It's very hard to see the fundamental principles through all the useless details and ugly drawings in the book.

Cartoons are about having good principles presented in a simple yet appealing fun way.

Richard Williams book is a good way to turn people off of becoming animators because it makes animating look so tedious and unpleasant.

Preston is as simple as you can get and it retains everything important you need to know-and it makes cartoons look fun. It's easier to learn something if the practice is actually enjoyable.

S.G.A said...

Sounds great !!
Then people can post their progress on their blogs, and everybody can compare notes!!!

S.G.A said...

The back and forth on these blogs can can keep people motivated by looking at each others work, your advice, and build a really great momentum. A little cartooning school online.

wouter said...

You should be like Preston Blair and Richard Williams and just make a book yourself.

You obviously have enough useful knowledge and insight(not to forget opinions), so why not attempt one?

you'll reach a lot more people than some random internet crowd. If I told people I know the guy from Ren & Stimpy wrote a book they'd probably buy it, or at least read it.

And among those people there have got to be a few who put them to good use.

Oh and by the way, I don't know if you like Dick William's stuff, but some guy has re-edited his never-really-finished masterpiece the Thief and the Cobbler, and after watching it I can really recommend it to any animation fan.

Anyway, I hope you continue these lessons in some way, because I for one am putting them to good use.

If I find a scanner i'll try to show you some of it.

Andy Seredy said...

John,

Here is lesson 1. I am literaly learning to draw from the Preston Blair book. Any feed back would rule.

http://andyseredy.blogspot.com/

thanks,
andy

JohnK said...

>>You should be like Preston Blair and Richard Williams and just make a book yourself.<<

I think this blogging is much more effective than any book. It's interactive and I learn as I blog, and there is an army of fans willing to help me with screen grabs and film clips.

A publisher wouldn't understand any of this and would tell me what to write and then would hire a "book designer" to screw up the layouts.

Anonymous said...

PLEASE! keep these lessons. I've been reading your blog for about a month now and this post has finally spurred me to make a comment. I promise I will make use of your wisdom!

FunnierAndCuter said...

JOhn,

I bought the preston blair book the first time you recommended it months ago...and have gone through each page redrawing and redrawing everything! (trying to absorb the concepts) I also bought the TEX Avery MGM years book you recommended and have been working through that as well... I just turned 20...and almost made the mistake of going to Animation school(until you recommended against it)...I have to say, over the past few months my art skills have tripled...I recently landed a character design and graphic design job...and I owe it to you and everything you have taught me... On average, and my girlfriend can contest to this, I spend about 4 hours a day alone practicing drawing from all the greats you recommend...whether it be freeze framing the clips of the videos you post, or from preston blair's book, or t. avery’s...

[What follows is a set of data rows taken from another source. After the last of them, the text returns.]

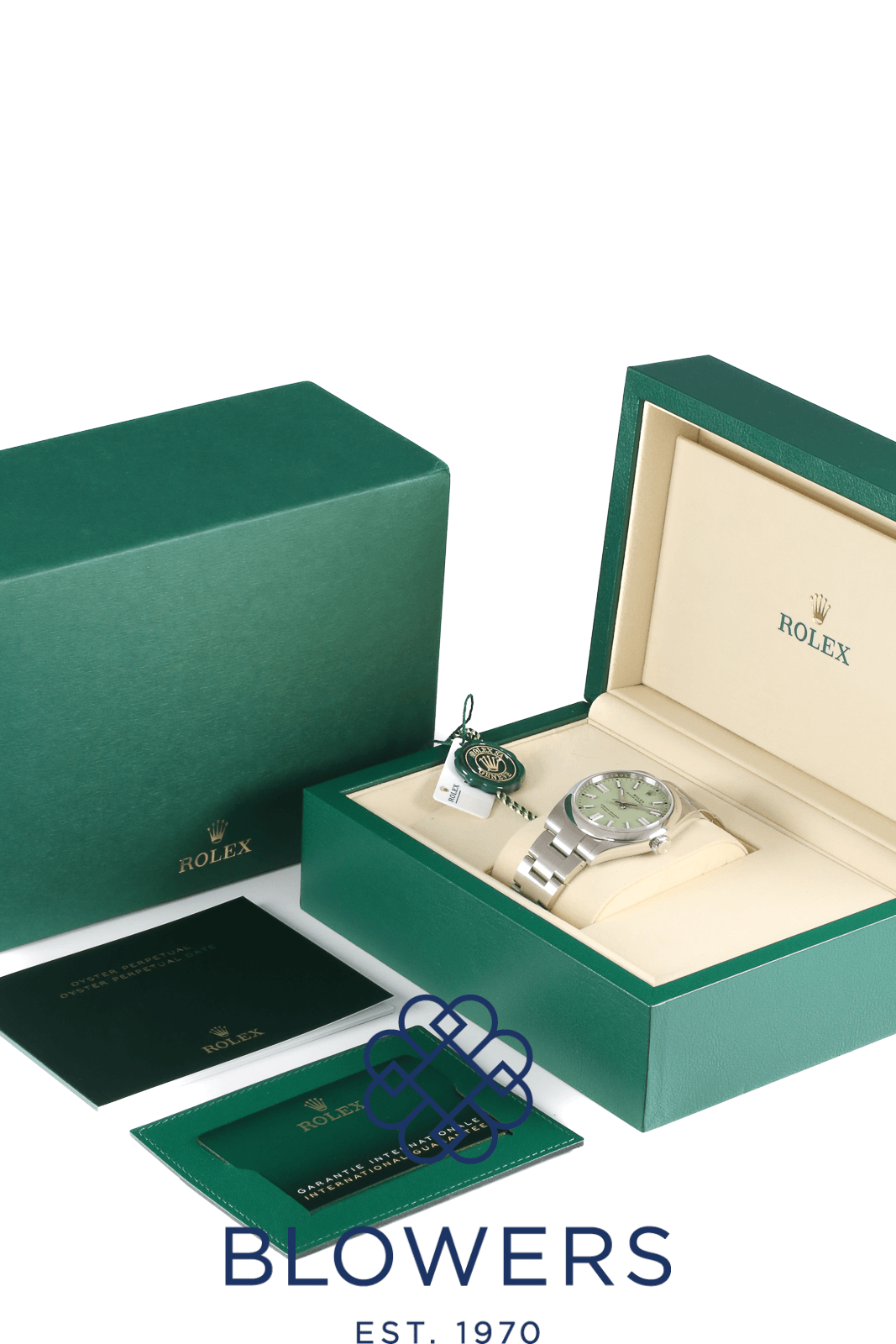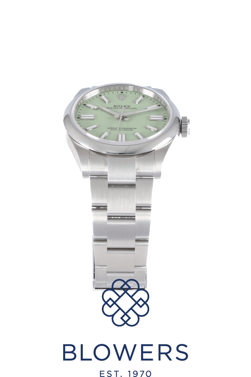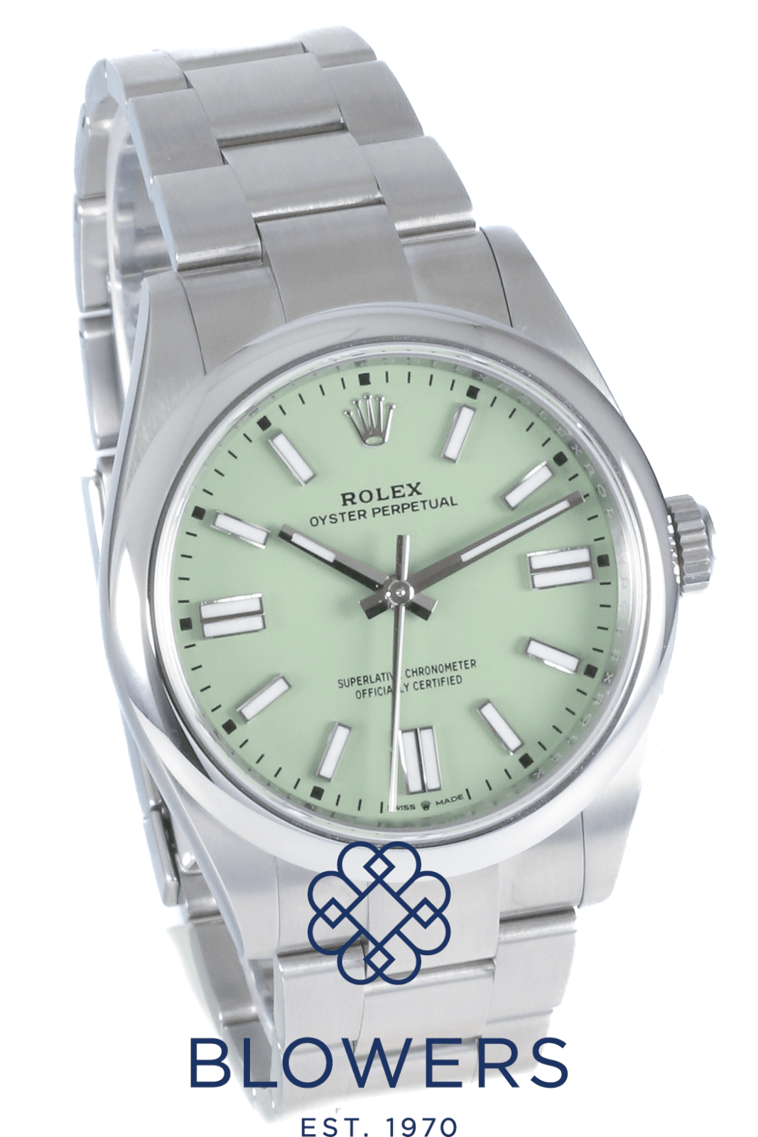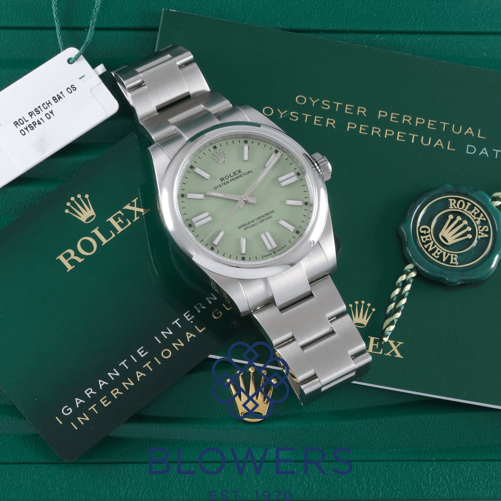 Rolex Oyster Perpetual 134300. Steel 41mm case, domed bezel. Automatic, Rolex Caliber 3230. Water resistant up to 100 metres. Green “Pistachio” dial, baton hour markers with Chromalight, power reserve of approx. 70 hours. On a Steel Oyster bracelet with folding Oysterclasp with Easylink comfort extension link. Box and Papers dated December 2025.
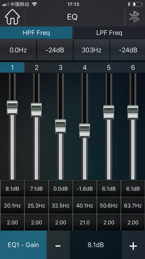 A convenient professional subwoofer tuning App, using Bluetooth 4.0, Bluetooth support dual-mode tuning, support six EQ tuning, support gain, frequency, Q value and high-pass debugging, built-in six sound mode. You can play music with Bluetooth, but you must first connect the sound board and play the music with Bluetooth.
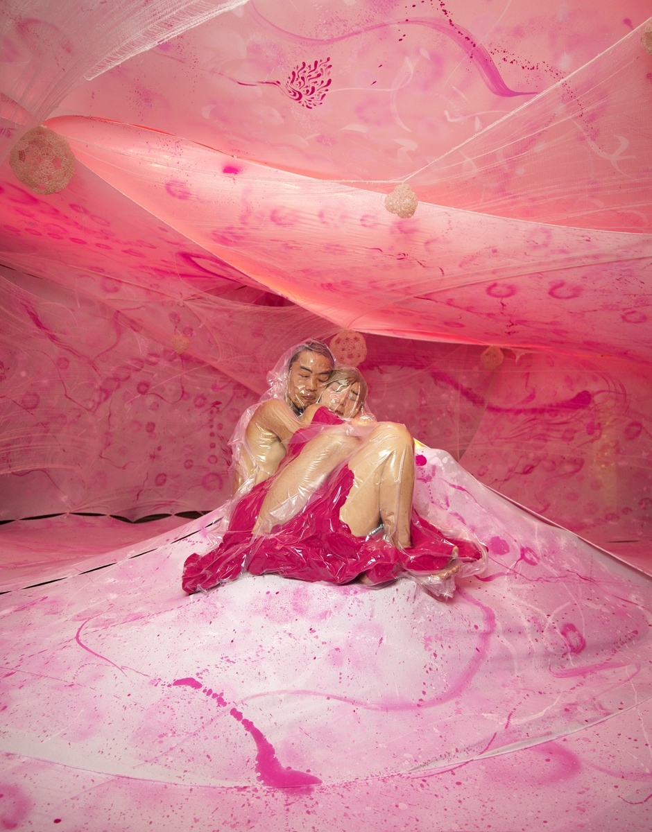 Photo shoots with Japanese photographer Haruhiko Kawaguchi—better known as Photographer Hal — start out strange: first, he asks couples to undress, and smothers them in lube. Then things get even weirder: he smushes the couples together, wraps them in a plastic bag, and uses a vacuum to suck out all the air. But Hal isn’t a photographer with a fetish; he’s better described as a hopeless romantic. “I think love is the most important thing on earth,” says Hal, whose Flesh Love series was about fusing couples into single beings. The plastic bags—or “vacuum-sealed packs of love,” as he calls them—were simple devices used to visualize connectedness. Hal photographed around 400 couples for the series, before completing the project and publishing a book on it in 2015. Now, however, Hal has revived the project as Flesh Love Returns, and taken it one step further: Instead of shooting couples naked and against monochromatic backgrounds, Hal is photographing them in places that are meaningful to their relationships (such as a restaurant, bathtub, love hotel or street littered with cherry blossoms). “Sometimes, at exhibitions, I would get questions about who the models were,” Hal explains. “I had a need to describe their personalities without text.” In doing so, the series has become more nuanced, and the photos have more depth. Each one offers hints at a love story, told in Hal’s unique visual language. “Someday, I hope to find my love,” Hal discusses in the following interview, “and together be in a vacuum-sealed bag too.”

One day i would like to be part of a team even half as good as Spumco, and I'm dedicated to working towards that for however long it takes.

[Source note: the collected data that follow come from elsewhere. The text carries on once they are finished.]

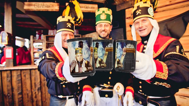 Den Bergmanns-Stollen und die Sammeltassen wird es wieder geben. Dieses Jahr hat die Freiberger Künstlerin Alina Budnitzki das Tassen-Motiv gestaltet, ein bergmännischer Trinkspruch rundet es ab. Es zeigt den Knappschaftsältesten mit Erzschale – zu Ehren des diesjährigen Silberrausch-Jubiläums. Alle Produkte gibt es ebenso wie die noch druckfrischen Essays von Sabine Ebert in der Silberstadt® Baude, einem Stand am Christmarkt Eingang sowie in der Tourist-Information am Schloßplatz.
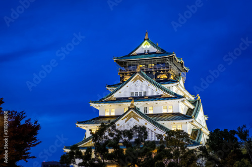 © Willy, Fototapeta premium View of Osaka Castle Lit Up during the Night
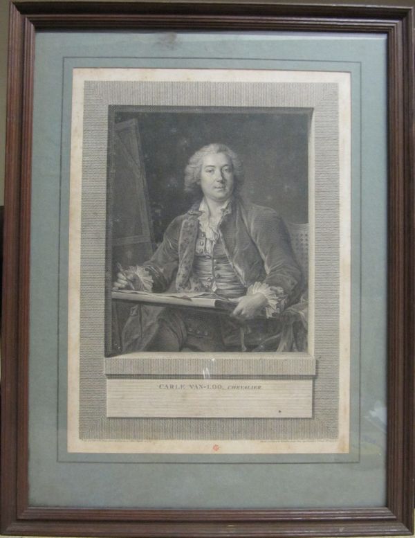 Dans un cadre ovaler se détache le buste de Carle Van Loo assis sur un fauteuil en train de dessiner - "CARLE VAN LOO CHEVALIER"

So John, please don't stop teaching us, we are listening....and taking everything you have to say as gospel!

Thank you so much,
Jacob

Anonymous said...

PLEASE PLEASE keep the lessons coming. Obviously you hope that good cartoons come back, so help us!! We need good solid foundations. There is tons of material out there just waiting to come to life.

crolyss said...

hi john,
i felt it would be good to write to you at this juncture. im sure like so many would agree you have been hitting the nail on the head with your blog. your frustration is valid completely. modern media and mediums have dulled senses and created many lazy eyed people. since before i was in college for animation i had the same view that what brought us to where we are now with all the really shitty stuff playing on tv and cinemas and the net is a lack of understanding of what the people who begun the industry discovered and understood. not many people can appreciate the quantity and quality of amazing things created by hand and shot on film. i think though that the current low dip we are is starting to curve upwards, and im sure you sense this too. my passion for all this is building day after day and im getting to where i cant stand the lack of quality films and toons being created. the same for comics too. almost nothing that is current interests me in almost any medium you could mention, i cant stand tv anymore, and all i will watch these days is stuff off the net or dvds. all the best stuff has been removed from modern mass media. what the fuck happened? im not missing over stuff you and other blogs such as cartoon brew are pointing to. im on a quest to see all the classic materials and information that has been lost to modern society. recently a friend emailed me saying that a guy had restored to some degree the thief and the cobbler. i nearly died. ive been wanting to see this since i learned the legend of the film in college and had only seen a really bad copy of it. i dont know if you know about this edition but the site you can learn about it from is :

http://www.originaltrilogy.com/forum/messageview.cfm?catid=11&threadid=4256

all the info you need to start from is there.
the guys name is garrett gilcrest. ive gotten in contact will him and im arranging to get a copy of the material. it would be of benefit to mention on your blog about williams and some of his work, and how he was inspired and how much he learned from the legends of animation such as art babbitt and milt kahl.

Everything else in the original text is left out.